There are no missing values in the dataset.
Univariate Analysis
Histogram for Sepal Length
ggplot(data, aes(x = sepal_length)) +
geom_histogram(binwidth = 0.2, fill = "blue", color = "black") +
labs(title = "Distribution of Sepal Length")
This is a histogram that visualizes the distribution of sepal lengths in the dataset. Each bar in the histogram represents a range of sepal lengths.The height of the bar corresponds to the frequency or count of observations falling within that range.
Bivariate Analysis
Scatter plot for Sepal Length vs. Sepal Width
ggplot(data, aes(x = sepal_length, y = sepal_width, color = species)) +
geom_point() +
labs(title = "Scatter Plot of Sepal Length vs. Sepal Width")
This is a scatter plot that visualizes the relationship between sepal length and sepal width. Each point in the plot represents an observation in the dataset. The color of the points distinguishes different species.
Multivariate Analysis
Boxplot for all numeric variables
ggplot(data, aes(x = species, y = sepal_length, fill = species)) +
geom_boxplot() +
labs(title = "Boxplot of Sepal Length by Species")
Another Boxplot
ggplot(data, aes(x = species, y = sepal_width, fill = species)) +
geom_boxplot() +
facet_wrap(~petal_width, scales = "free_y") +
labs(title = "Boxplot of Sepal Width by Species and Petal Width")
Here is a faceted boxplot that allows us to compare the distribution of sepal widths among different species for various levels of petal width. Each boxplot corresponds to a species and a specific petal width - provides a summary of the central tendency and spread of the “sepal_width” variable within each category.
Scatterplot
pairs(data[, 1:4], col = as.integer(data$petal_length), pch = 16, main = "Scatterplot Matrix with Color Gradient")
This is a scatterplot matrix where each point represents an observation in the dataset.
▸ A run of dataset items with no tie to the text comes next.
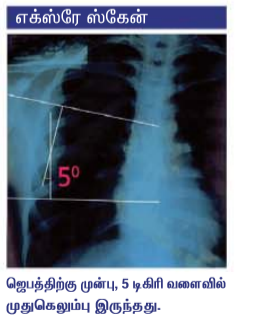
எக்ஸ்ரே ஸ்கேன் ஜெபத்திற்கு முன்பு, 5 டிகிரி வளைவில் முதுகெலும்பு இருந்தது.

நல்ல தேவனை சந்திக்கும்படி என்னை வழிநடத்தி, எனக்கு சுகத்தையும் பதில் களையும் தந்த கர்த்தருக்கே எல்லா நன்றிகளை நான் செலுத்துகிறேன்.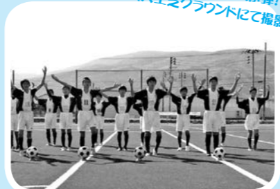
プロモーション動画第1弾！ (人芝グラウンドにて撮影) ↓

▶問い合わせ 希望郷いわて国体遠野市実行委員会事務局 (☎62-4413内線202)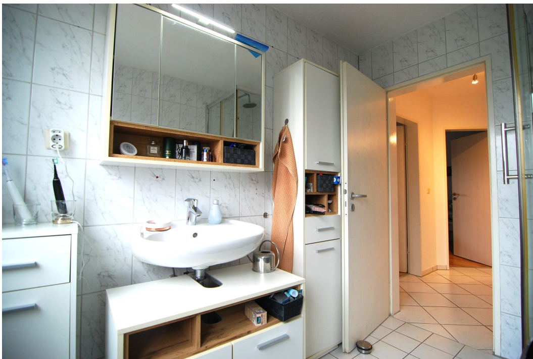
ImEnnewaelken23 DGre Bad 4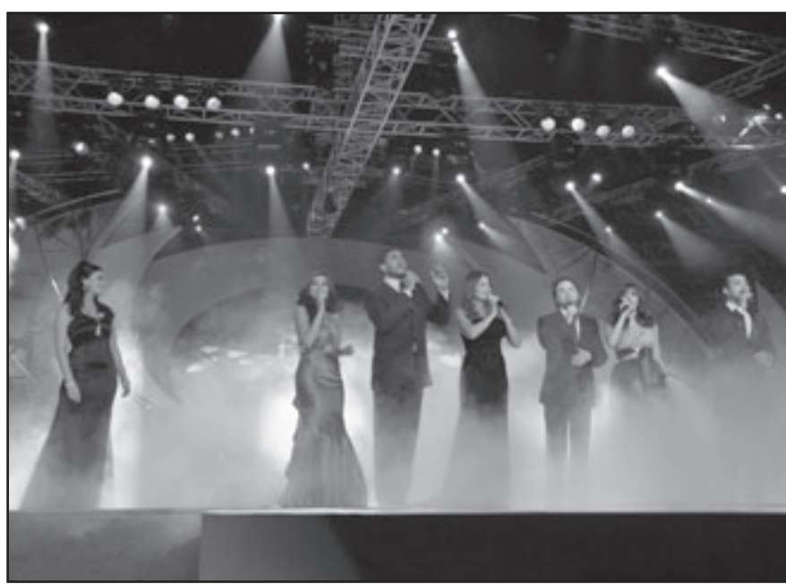
من حفل افتتاح مهرجان الإعلام العربي

كما كرم المهرجان المخرج السعودي عبد الله الحسين وحسن كمال مدير الإذاعة البحريني السابق والمخرج السوري مطهر الحكيم والرائع الشاعر الفلسطيني محمود درويش والكاتب السوداني الطيب صالح. وتتوافق 18 دولة عربية بـ682 عملاً بينها 208 أعمالاً إذاعية و474 عملاً تلفزيونياً على جوائز المهرجان الذي يستمر حتى يوم 15 من الشهر الجاري ويبلغ مجموع جوائز 5.2 مليون جنيه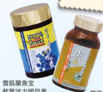
雪肌蘭魚宝 藍莓活力明目素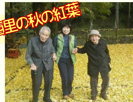
↑西里・やませみの湯、大きな銀杏の木の下、黄色いじゅうたんのの上をお散歩してきましたよ。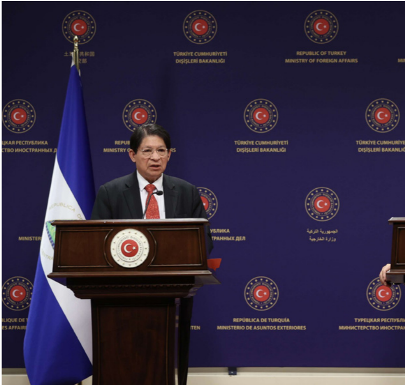
جاويش أوغلو مهدياً الأكراد في مؤتمر صحفي مشترك مع نظيره من نيكاراغوا دينيس مونكادا كوليندرس، عقب لقاؤهما في العاصمة أنقرة، أمس

داخل الأراضي التركية. وذكر جاويش أوغلو بالاتفاقيات المنفصلة التي توصلت إليها تركيا مع أمريكا وروسيا عقب عملية «نبع السلام» التي نفذها الجيش التركي في منطقتي رأس العين وثل أبيض عام 2019، مشيراً إلى أن البلدين لم يلتزمان بتعهداتهما بسحب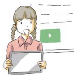
電子黒板やプロジェクターに 映して発表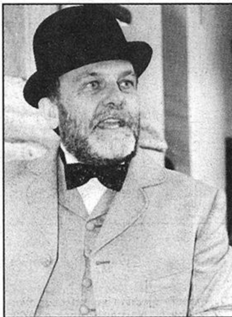
Herman Bollè graditelj zagrebačke katedrale

Već treću godinu za redom Muzej grada Zagreba, u fašničko vrijeme, organizira kulturnu manifestaciju pod nazivom 'Žive slike'. Zaposlenici muzeja 9. i 10. veljače opet su bili odjeveni kao likovi sa slika iz stalnog postava muzeja.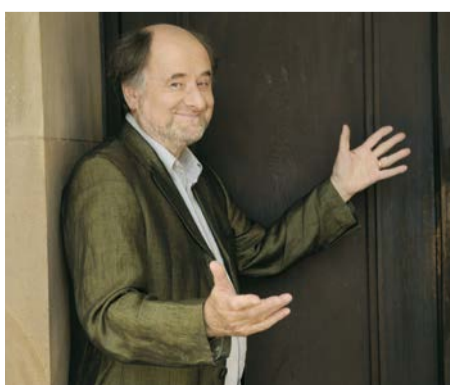
Sir Roger Norrington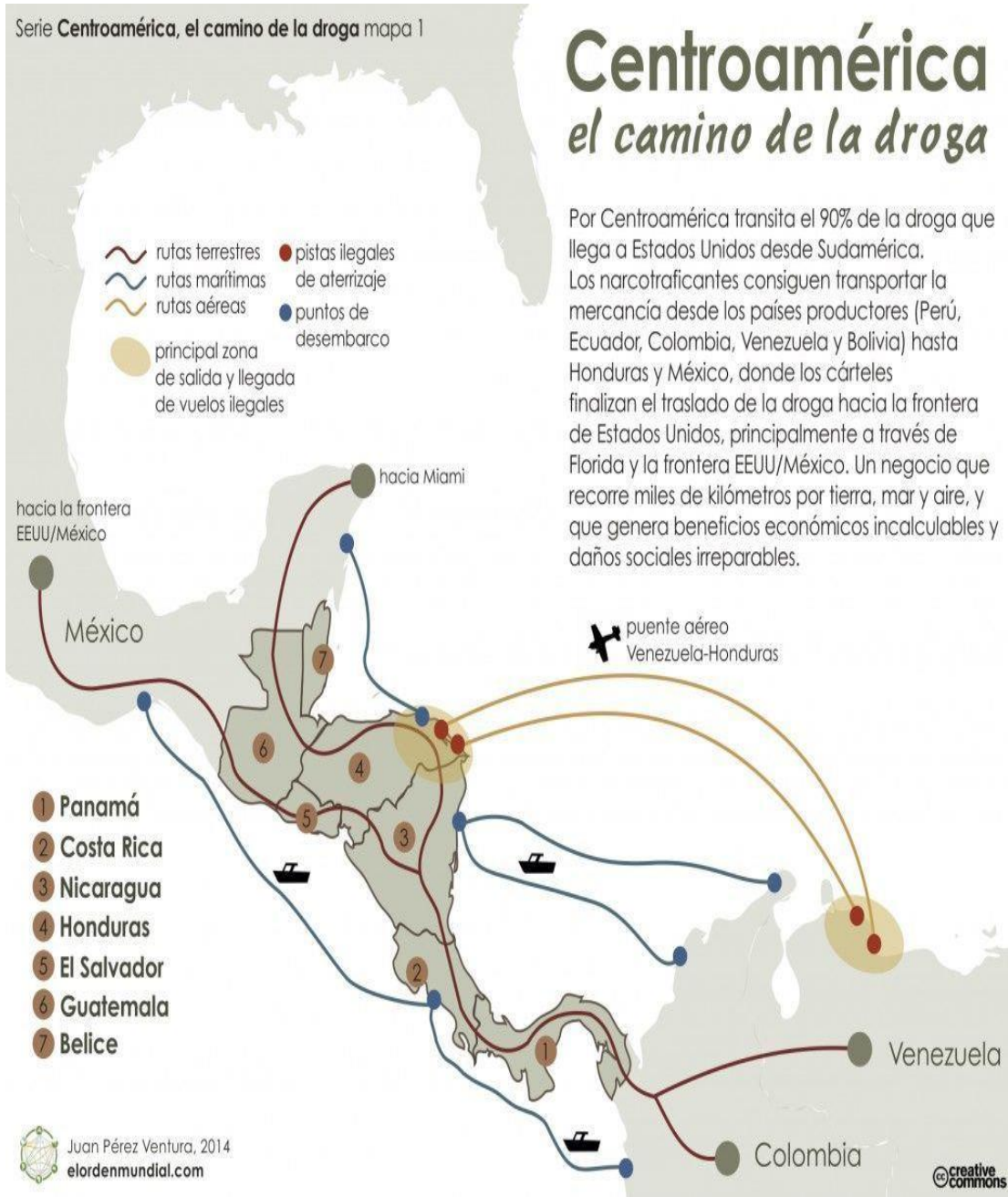
Imagen III: Centroamérica el camino de las drogas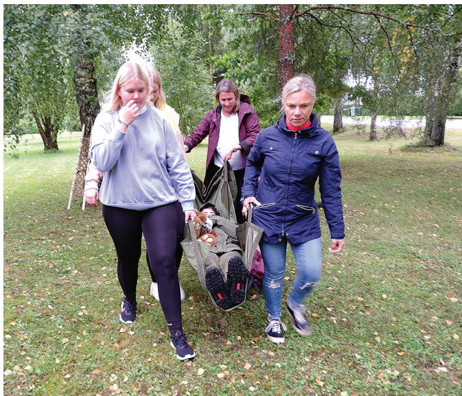
Võistkond Piigad transpordib kannatanut.

Siin tutvustati päästeveste ja jagati veepäästega seotud tarkusi. Kõige selle kõrvalt jõudis sõbralikke koeri paitada. Gümnaasiumi juures tuli lauatenisreketele asetatud kerge palliga läbida slaalomirada nii, et pall reketilt maha ei kuku ja teises käes hoitud klaasist vesi välja ei loksu.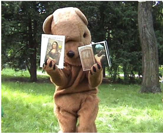
Duchamp le Hassidique, vidéo, 1988, courtesy galerie Michel Rein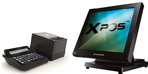
Configurazione con stampante ECR e tastiera K32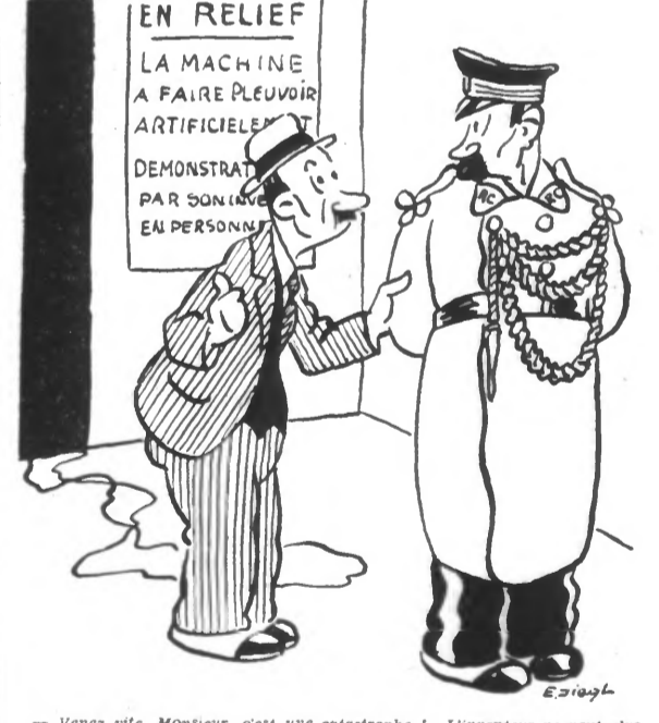
Venez vite, Monsieur, c'est une catastrophe... L'inventeur ne peut plus arrêter sa machine et l'eau emplit la salle.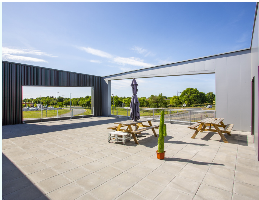
ICI Imprimerie Beupréau-en-Mauges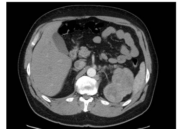
Bildgebung - CT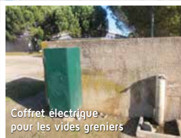
Coffret électrique pour les vides greniers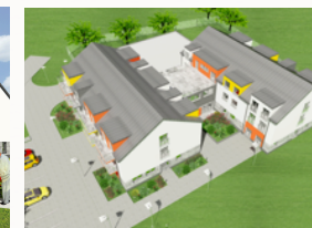
Atrakcyjna lokalizacja, nieopodal lasu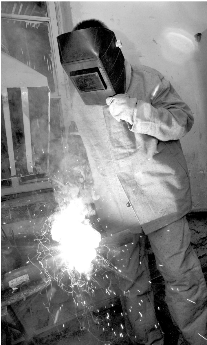
Работа со сваркой здоровья не прибавляет. Значит, нужно заботиться о профилактике заболеваний

Но вернемся к коллективной дозе облучения. Ее средний показатель в расчете на одного жителя области составил 3,9 мкЗв (микрозиверта) в год, что соответствует среднероссийскому уровню.

The color of the points is determined by the “petal_length” variable - creates a color gradient.
And at last a Correlation Matrix.
cor_matrix <- cor(data[, 1:4])
print(cor_matrix)
## sepal_length sepal_width petal_length petal_width
## sepal_length 1.0000000 -0.1093692 0.8717542 0.8179536
## sepal_width -0.1093692 1.0000000 -0.4205161 -0.3565441
## petal_length 0.8717542 -0.4205161 1.0000000 0.9627571
## petal_width 0.8179536 -0.3565441 0.9627571 1.0000000
So that was it!
Will be back with another project soon.